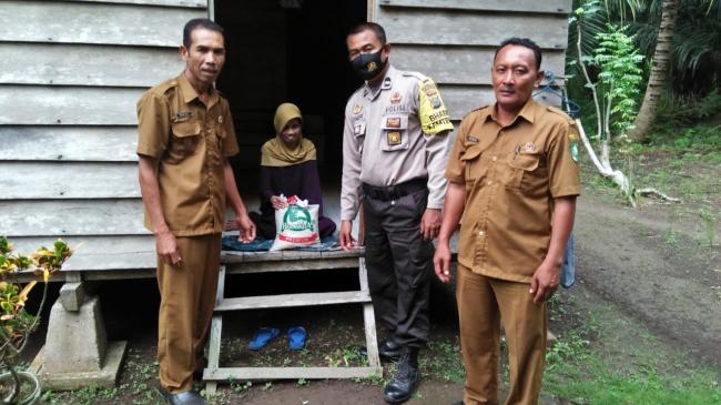 Pantauan media melalui Bhabinkamtibmas Desa Tenggayun Aipda Asmeri Polsek Bukit Batu membagikan 31 paket sembako serta masker gratis kepada Warga Desa Tenggayun yang kurang mampu dan terdampak ekonomi covid-19, Jumat (17/07/2020).
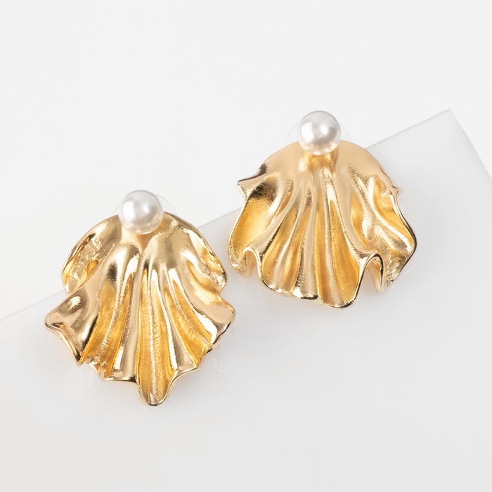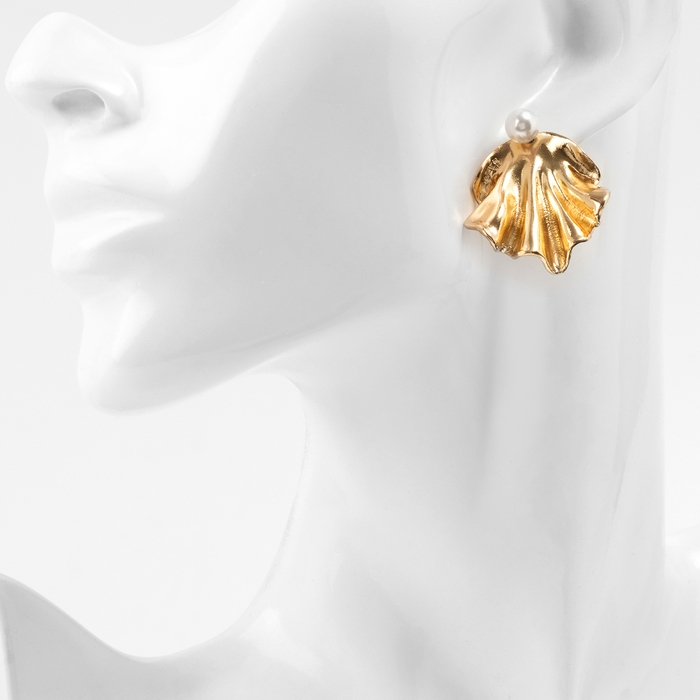 Серьги с жемчугом «Жемчуг» ракушка, немо, цвет золото
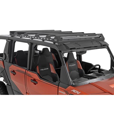 Off-road adventures require serious gear, and flimsy racks just don't cut it. Rough Country's Xpedition Roof Rack is the solution. This heavy-duty rack boasts features like adjustable cross rails, light bar compatibility, and a durable powder coat finish. Plus, the bolt-on installation makes it easy to get you trail-ready fast. Upgrade your Xpedition's storage capacity and conquer any challenge with confidence.Maximized Mounting Options: With slotted cross rails for a versatile setup, this rack is ready to adapt to any and all of your cargo needs. Our ingenious cross rails feature tracks that let you slide your mounts and accessories anywhere for a perfect, custom fit.Light Up the Trail: Who wants to navigate uncharted territory in the dark? This rack boasts a beefy front section that can handle a 40" LED light bar.Durable Powder Coat Finish: Don't let the elements stop your off-road fun. The Rough Country Roof Rack boasts a tough powder coat finish that protects against scratches, fading, and rust. It'll keep your rack looking sharp for years to come.Stainless Steel Hardware: We know you rely on your Polaris Xpedition to go anywhere, anytime. That's why our Roof Rack uses top-quality stainless-steel hardware. It resists rust and corrosion, no matter the conditions GÇô from scorching desert sun to freezing mountain snow. This rack is built to handle your toughest adventures.Bolt-on Installation: We get it; drilling into your brand-new machine is no fun. This Roof Rack utilizes existing attachment points for a stress-free, bolt-on installation that gets you trail-ready in no time.So ditch the flimsy racks and level up your Xpedition's game. Rough Country's Roof Rack is the ultimate partner for your off-road excursions, letting you conquer trails, blaze new paths, and look good doing it!

▸ Aim of the task
Transcribe the data verbatim. No picture belongs in the result.

▸ Task output
 Pantauan media melalui Bhabinkamtibmas Desa Tenggayun Aipda Asmeri Polsek Bukit Batu membagikan 31 paket sembako serta masker gratis kepada Warga Desa Tenggayun yang kurang mampu dan terdampak ekonomi covid-19, Jumat (17/07/2020).
 Серьги с жемчугом «Жемчуг» ракушка, немо, цвет золото
 Off-road adventures require serious gear, and flimsy racks just don't cut it. Rough Country's Xpedition Roof Rack is the solution. This heavy-duty rack boasts features like adjustable cross rails, light bar compatibility, and a durable powder coat finish. Plus, the bolt-on installation makes it easy to get you trail-ready fast. Upgrade your Xpedition's storage capacity and conquer any challenge with confidence.Maximized Mounting Options: With slotted cross rails for a versatile setup, this rack is ready to adapt to any and all of your cargo needs. Our ingenious cross rails feature tracks that let you slide your mounts and accessories anywhere for a perfect, custom fit.Light Up the Trail: Who wants to navigate uncharted territory in the dark? This rack boasts a beefy front section that can handle a 40" LED light bar.Durable Powder Coat Finish: Don't let the elements stop your off-road fun. The Rough Country Roof Rack boasts a tough powder coat finish that protects against scratches, fading, and rust. It'll keep your rack looking sharp for years to come.Stainless Steel Hardware: We know you rely on your Polaris Xpedition to go anywhere, anytime. That's why our Roof Rack uses top-quality stainless-steel hardware. It resists rust and corrosion, no matter the conditions GÇô from scorching desert sun to freezing mountain snow. This rack is built to handle your toughest adventures.Bolt-on Installation: We get it; drilling into your brand-new machine is no fun. This Roof Rack utilizes existing attachment points for a stress-free, bolt-on installation that gets you trail-ready in no time.So ditch the flimsy racks and level up your Xpedition's game. Rough Country's Roof Rack is the ultimate partner for your off-road excursions, letting you conquer trails, blaze new paths, and look good doing it!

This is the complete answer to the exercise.